The mediator will inform the parties of the possibility of obtaining independent legal counsel and of the benefits this may provide.
The mediator will encourage the parties to make decisions based on adequate and sufficient information, after obtaining relevant advice.
ARTICLE 6: LEGAL SECURITY
The mediator will make sure that all parties know and understand the consequences of the options under consideration.
The mediator will ensure that balance and equality are maintained during the negotiations.
They may not allow any intimidation or manipulation on the part of those involved, by both parties, or by one of them.
In order to guarantee legal security, the mediator will ensure that the decisions taken by the parties and recorded in the agreement minutes are compatible with legislation in effect and comply with public order.
ARTICLE 7: AGREEMENT MINUTES
At the end of the mediation, the mediator will record the agreements or have them recorded.
The agreement record will be submitted to the counsels before signature.
The mediator will inform the parties of the consequences of signing the document which, unless there are provisions to the contrary, will make it official.
The secrecy requirement for the contents of the negotiations which preceded the agreement can only be lifted with the consent of the parties and the mediator. Among other things, this will enable the judge to confirm the agreements reached.

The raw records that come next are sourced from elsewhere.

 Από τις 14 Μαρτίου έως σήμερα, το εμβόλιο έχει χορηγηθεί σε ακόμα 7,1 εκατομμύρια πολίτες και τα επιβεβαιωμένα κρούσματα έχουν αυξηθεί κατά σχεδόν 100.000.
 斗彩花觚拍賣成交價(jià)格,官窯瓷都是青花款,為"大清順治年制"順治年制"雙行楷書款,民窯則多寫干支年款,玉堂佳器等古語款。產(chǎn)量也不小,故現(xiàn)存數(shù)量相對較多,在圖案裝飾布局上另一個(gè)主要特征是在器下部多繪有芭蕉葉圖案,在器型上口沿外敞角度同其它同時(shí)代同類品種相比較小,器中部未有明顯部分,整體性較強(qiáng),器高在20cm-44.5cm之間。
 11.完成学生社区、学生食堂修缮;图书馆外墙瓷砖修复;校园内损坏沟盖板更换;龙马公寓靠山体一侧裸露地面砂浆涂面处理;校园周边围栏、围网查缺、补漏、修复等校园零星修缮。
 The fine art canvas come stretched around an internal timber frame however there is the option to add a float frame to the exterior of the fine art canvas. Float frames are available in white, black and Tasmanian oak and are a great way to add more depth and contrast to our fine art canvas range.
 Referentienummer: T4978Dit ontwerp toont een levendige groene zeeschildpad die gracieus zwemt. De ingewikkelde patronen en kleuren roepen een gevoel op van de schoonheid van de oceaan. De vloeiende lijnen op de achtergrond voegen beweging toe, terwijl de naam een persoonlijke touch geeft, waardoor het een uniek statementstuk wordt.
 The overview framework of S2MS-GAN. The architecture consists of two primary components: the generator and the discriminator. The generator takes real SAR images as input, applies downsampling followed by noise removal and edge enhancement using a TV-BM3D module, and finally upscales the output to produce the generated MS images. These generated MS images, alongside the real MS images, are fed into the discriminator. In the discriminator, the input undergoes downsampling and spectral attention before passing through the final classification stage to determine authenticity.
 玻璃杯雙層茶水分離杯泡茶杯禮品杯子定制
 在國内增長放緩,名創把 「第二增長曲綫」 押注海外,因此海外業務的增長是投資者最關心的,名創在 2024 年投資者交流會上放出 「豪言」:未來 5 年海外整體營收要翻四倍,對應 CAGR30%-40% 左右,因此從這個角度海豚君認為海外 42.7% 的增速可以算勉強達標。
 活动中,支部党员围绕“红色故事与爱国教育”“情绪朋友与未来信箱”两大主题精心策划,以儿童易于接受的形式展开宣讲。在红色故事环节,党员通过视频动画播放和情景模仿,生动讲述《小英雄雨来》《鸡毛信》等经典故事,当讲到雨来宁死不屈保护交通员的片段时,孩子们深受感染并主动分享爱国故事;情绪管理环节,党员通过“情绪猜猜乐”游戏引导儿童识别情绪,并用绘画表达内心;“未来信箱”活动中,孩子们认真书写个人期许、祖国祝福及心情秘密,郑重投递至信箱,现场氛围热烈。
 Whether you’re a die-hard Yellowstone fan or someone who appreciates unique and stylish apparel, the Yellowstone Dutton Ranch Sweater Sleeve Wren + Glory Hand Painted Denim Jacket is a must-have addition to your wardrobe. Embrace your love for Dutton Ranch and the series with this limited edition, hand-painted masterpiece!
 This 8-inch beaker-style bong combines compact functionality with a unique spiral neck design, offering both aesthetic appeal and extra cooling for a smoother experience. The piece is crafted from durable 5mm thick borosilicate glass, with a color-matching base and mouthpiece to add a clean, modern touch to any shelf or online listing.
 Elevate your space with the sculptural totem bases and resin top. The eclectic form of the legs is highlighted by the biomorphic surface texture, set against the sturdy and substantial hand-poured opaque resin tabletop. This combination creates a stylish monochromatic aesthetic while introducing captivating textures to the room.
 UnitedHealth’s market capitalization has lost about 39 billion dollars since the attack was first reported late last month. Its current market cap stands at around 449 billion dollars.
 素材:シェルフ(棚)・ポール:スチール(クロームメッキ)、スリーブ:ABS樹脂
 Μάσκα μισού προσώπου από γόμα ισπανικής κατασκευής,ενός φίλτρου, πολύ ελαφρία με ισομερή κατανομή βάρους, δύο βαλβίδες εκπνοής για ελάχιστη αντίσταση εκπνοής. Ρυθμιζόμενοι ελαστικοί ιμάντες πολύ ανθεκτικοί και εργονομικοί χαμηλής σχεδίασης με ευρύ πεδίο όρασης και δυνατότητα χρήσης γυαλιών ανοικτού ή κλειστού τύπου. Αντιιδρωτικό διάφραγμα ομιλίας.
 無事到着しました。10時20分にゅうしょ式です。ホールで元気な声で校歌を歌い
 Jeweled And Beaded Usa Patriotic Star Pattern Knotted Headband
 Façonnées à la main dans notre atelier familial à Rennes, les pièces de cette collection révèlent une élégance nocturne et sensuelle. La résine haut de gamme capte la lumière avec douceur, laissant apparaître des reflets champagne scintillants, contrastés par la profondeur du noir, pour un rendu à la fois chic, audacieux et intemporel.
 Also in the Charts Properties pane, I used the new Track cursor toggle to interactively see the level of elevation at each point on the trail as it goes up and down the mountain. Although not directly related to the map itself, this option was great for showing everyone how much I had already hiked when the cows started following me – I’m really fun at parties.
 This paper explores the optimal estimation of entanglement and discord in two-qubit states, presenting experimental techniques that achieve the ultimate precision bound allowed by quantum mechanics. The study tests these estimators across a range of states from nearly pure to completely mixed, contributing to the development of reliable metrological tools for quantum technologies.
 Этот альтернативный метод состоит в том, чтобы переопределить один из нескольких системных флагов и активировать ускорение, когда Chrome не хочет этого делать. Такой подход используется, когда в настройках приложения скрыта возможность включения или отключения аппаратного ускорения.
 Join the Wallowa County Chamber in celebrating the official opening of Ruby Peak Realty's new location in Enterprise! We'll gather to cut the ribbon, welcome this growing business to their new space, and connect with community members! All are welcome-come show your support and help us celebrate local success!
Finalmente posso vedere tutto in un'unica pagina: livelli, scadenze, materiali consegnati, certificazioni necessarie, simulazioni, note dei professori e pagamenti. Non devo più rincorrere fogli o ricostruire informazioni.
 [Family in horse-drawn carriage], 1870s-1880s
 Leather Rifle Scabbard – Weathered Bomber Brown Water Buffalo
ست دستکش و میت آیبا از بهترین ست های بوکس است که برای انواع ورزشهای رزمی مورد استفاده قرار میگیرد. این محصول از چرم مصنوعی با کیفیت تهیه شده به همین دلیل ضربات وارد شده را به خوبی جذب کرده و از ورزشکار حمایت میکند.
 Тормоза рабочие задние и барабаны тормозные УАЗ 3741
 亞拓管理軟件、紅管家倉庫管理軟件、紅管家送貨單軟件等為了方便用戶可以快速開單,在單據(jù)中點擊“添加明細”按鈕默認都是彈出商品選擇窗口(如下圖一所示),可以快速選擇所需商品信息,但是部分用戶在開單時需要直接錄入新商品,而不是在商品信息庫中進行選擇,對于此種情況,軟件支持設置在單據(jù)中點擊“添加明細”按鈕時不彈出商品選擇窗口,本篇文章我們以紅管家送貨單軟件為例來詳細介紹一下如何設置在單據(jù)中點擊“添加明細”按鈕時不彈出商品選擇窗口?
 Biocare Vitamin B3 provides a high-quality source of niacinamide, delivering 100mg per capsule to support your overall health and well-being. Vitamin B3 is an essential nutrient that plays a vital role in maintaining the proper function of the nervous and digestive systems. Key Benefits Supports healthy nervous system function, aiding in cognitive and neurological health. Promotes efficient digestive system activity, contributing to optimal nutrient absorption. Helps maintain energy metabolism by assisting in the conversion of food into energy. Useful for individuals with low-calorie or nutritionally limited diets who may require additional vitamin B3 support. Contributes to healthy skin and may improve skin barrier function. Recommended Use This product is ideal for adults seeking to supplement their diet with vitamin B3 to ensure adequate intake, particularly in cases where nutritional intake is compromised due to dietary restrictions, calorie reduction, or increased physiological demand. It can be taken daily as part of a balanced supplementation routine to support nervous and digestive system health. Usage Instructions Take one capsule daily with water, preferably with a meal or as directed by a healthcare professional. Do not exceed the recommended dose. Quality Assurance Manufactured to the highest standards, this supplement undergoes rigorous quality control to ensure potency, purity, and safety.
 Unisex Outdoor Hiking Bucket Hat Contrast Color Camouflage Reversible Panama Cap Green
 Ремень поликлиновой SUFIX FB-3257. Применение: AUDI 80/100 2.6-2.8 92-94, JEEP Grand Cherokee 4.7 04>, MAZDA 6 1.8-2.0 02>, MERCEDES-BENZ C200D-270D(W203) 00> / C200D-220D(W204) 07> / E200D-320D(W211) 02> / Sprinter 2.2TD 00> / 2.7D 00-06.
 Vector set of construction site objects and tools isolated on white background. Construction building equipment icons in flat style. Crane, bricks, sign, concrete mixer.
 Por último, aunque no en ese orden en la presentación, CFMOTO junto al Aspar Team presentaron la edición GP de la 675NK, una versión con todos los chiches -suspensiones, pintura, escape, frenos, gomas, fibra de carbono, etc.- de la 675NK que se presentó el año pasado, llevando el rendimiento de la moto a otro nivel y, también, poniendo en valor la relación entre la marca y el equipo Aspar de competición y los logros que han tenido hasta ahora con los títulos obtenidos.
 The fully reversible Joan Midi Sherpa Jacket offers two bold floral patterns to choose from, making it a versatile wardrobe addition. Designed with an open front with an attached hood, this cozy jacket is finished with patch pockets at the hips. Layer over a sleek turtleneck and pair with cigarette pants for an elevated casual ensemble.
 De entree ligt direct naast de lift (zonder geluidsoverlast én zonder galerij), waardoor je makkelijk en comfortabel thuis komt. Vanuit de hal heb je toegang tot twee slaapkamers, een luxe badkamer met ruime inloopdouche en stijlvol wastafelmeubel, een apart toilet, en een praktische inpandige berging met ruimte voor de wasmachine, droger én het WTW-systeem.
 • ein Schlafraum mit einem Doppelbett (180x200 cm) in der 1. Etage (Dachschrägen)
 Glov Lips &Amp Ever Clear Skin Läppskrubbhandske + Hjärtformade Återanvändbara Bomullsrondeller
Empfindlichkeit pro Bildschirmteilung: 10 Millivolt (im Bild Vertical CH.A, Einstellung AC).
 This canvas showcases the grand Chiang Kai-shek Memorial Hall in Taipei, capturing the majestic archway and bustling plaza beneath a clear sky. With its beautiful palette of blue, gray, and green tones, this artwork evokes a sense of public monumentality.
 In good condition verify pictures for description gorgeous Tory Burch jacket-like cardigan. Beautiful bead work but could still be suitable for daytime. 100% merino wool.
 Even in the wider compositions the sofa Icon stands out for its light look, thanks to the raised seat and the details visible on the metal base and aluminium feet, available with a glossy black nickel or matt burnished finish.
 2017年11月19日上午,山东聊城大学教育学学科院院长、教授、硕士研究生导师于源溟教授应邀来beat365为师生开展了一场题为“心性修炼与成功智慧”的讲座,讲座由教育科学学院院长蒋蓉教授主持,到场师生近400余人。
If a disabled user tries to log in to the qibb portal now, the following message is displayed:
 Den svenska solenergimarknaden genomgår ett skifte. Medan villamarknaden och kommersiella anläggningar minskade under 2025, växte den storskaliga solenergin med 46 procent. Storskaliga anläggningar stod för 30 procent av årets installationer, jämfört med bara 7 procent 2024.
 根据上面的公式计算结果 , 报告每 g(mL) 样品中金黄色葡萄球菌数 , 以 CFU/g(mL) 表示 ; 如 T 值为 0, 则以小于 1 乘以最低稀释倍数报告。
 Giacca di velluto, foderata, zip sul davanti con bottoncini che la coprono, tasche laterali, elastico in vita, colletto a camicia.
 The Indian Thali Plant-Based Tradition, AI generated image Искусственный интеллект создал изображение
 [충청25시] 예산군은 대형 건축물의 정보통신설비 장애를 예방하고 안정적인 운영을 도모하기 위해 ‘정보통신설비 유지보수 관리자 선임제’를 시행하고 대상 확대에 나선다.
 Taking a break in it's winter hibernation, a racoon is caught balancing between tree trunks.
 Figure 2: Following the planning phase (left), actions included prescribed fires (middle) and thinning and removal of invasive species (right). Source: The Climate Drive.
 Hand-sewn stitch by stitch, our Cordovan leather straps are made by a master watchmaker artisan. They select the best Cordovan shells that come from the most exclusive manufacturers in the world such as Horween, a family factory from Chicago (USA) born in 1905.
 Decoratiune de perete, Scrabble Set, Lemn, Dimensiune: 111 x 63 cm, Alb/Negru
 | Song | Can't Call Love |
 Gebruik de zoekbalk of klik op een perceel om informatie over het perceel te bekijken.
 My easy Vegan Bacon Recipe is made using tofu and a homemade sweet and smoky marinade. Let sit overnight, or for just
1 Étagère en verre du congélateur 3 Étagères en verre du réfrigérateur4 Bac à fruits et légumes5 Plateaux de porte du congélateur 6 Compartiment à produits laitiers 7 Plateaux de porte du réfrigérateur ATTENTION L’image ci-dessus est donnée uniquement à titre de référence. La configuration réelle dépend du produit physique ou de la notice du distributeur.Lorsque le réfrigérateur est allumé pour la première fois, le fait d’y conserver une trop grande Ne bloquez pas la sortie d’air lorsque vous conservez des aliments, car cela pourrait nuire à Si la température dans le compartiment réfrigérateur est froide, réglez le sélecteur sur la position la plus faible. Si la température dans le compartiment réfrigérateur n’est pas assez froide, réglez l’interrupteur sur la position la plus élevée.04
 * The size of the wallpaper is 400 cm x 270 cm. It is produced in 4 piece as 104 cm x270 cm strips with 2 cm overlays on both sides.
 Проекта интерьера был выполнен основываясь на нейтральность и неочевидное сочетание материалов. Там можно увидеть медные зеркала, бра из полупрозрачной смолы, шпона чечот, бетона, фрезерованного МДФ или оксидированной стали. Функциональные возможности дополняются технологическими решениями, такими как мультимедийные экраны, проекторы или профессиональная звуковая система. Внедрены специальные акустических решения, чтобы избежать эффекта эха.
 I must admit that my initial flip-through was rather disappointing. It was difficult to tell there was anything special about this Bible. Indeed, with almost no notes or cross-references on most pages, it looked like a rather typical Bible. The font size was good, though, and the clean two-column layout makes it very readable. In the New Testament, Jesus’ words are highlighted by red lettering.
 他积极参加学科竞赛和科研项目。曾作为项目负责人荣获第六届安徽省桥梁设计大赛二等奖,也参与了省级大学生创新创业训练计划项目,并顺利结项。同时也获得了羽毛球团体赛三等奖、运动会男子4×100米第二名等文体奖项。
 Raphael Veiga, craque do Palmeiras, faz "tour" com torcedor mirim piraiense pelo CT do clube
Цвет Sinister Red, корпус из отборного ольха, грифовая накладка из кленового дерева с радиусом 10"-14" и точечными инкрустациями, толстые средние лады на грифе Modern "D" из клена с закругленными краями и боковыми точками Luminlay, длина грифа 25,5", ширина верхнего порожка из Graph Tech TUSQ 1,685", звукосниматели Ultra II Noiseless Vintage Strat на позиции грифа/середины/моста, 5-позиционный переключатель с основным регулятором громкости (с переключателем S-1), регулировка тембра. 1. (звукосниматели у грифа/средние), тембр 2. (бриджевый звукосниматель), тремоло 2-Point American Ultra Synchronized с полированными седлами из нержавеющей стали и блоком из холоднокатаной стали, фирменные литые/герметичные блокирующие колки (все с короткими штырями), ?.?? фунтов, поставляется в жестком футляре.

ARTICLE 8: SUSPENSION - INTERRUPTION OF THE MEDIATION
The mediator must suspend or terminate mediation if:
- One or all of the parties request it
- The conditions of Article 6 regarding the mission are no longer being met
- The mediation is being used to achieve inappropriate ends, notably dilatory ones
- The behaviour of the parties, or of one of them, is incompatible with the mediation process
- The mediation is no longer productive
- The parties, or one of them, are (is) no longer able to seriously participate in the mediation or show(s) no interest in doing so
The mediator must immediately inform the parties and the court if they are the object of a legal designation.
Given their duty of nondisclosure they must not at any time reveal the reasons which led to the suspension or interruption of mediation.
ARTICLE 9:
The present rules will become effective on 1 March 2003.